The lights of the Christmas tree glow and create a warm corner in the dim light as the sun rises outside.  The fireplace also compliments the room with the golden flames.  The rest of the house is quiet on this Sunday morning.  It is quiet outside, everything muffled by the new snow that fell while we slept.  Today is a day of possibilities, although not much promises to get done when more snow is predicted.  There are the normal chores to move through today:  laundry, dishes, work stuff...but nothing major.

Today will be a day to work on getting the new nursery ready for our baby, who will be here in about a month, give or take a few days.  The girls will most likely spend their day in pajamas, unless they try to venture outside to play in the snow while I shovel the walk and driveway.  Even the dog and cat only got up when I ventured downstairs this morning to make coffee and refill the food dishes.  They are now back either in their basket or in front of the fire, content to let the snow keep falling.

We are nearly at a time in the year where things stop and all are given time to just rest and reflect.  There has been so much this year to be thankful for.  I am thankful for the health of my children and my wife.  The older I grow, the more I acknowledge the importance of health.  The shield of seeming invincibility that I once carried is now almost completely gone, and the reality of life being a finite thing is truly sinking in.  It is not that I feel old or that anything is happening with my own health, there are just times when I recognize how fleeting life can be.  Sometimes I lay awake, thinking about all that there is to do and accomplish, and I am overwhelmed.

It isn't 2017 yet, but we are all starting to look ahead to the next year and the possibilities it brings.  What adventures will we have?  What can we do differently to make our lives better?  More complete?  This is the time of year we look around and ask what will help to define our lives.  What can I do?  Who can I interact with?  Where can I go?  There is no one correct answer, which makes this process all the more open-ended and flustering.  Sometimes I know what I need to do, and other times it is like taking a leap of faith.  Has there ever been anyone who took a last breath and felt content...or were they so motivated to seize each moment that even they were not satisfied with the life they had lived?

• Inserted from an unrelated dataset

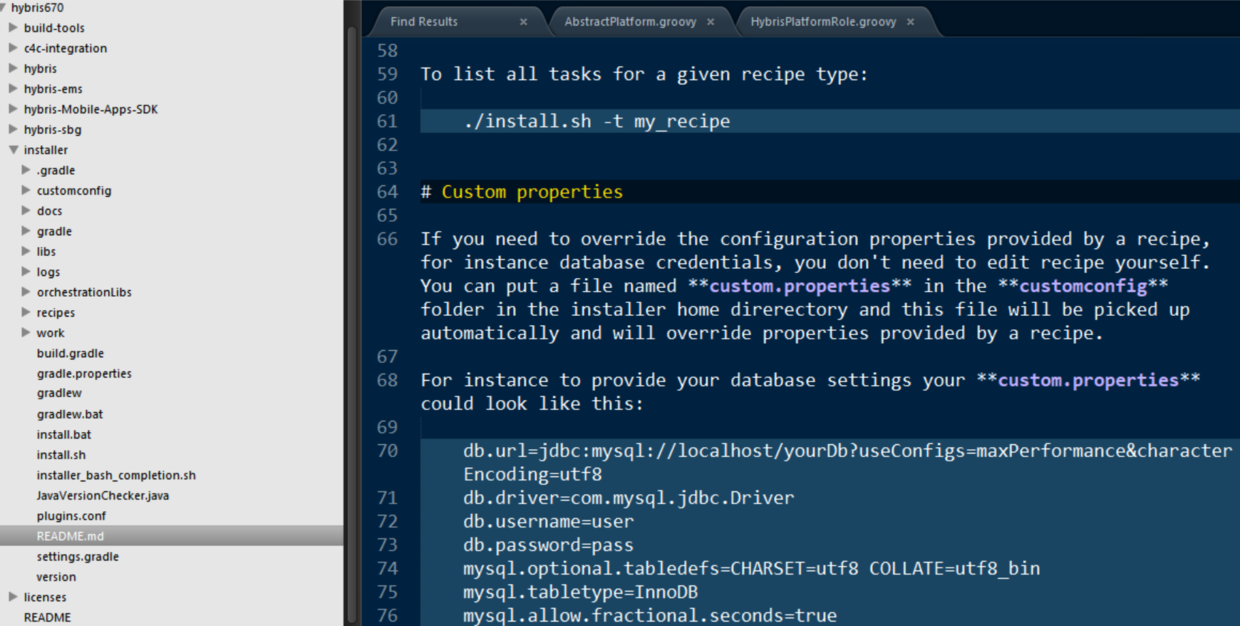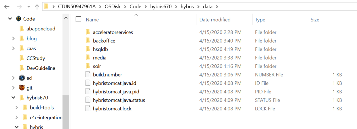 config文件夹:It has all config files. Instead modifying files in platform folder, modify them in the config folder (localextensions.xml / local.properties). If you are sure what you doing, then you can also do in platform folder.

But I digress.  I am content here on the couch.  The sun has risen, yet again.  My oldest daughter has woken up from a night of not feeling well, and is now asking for pancakes.  She has her health back, and to start the day with such a thing is a blessing.  So now I take a deep breath and give thanks and step into the day that is given, feeling satisfied and not worrying too much about where this time will land in the overall puzzle that is life.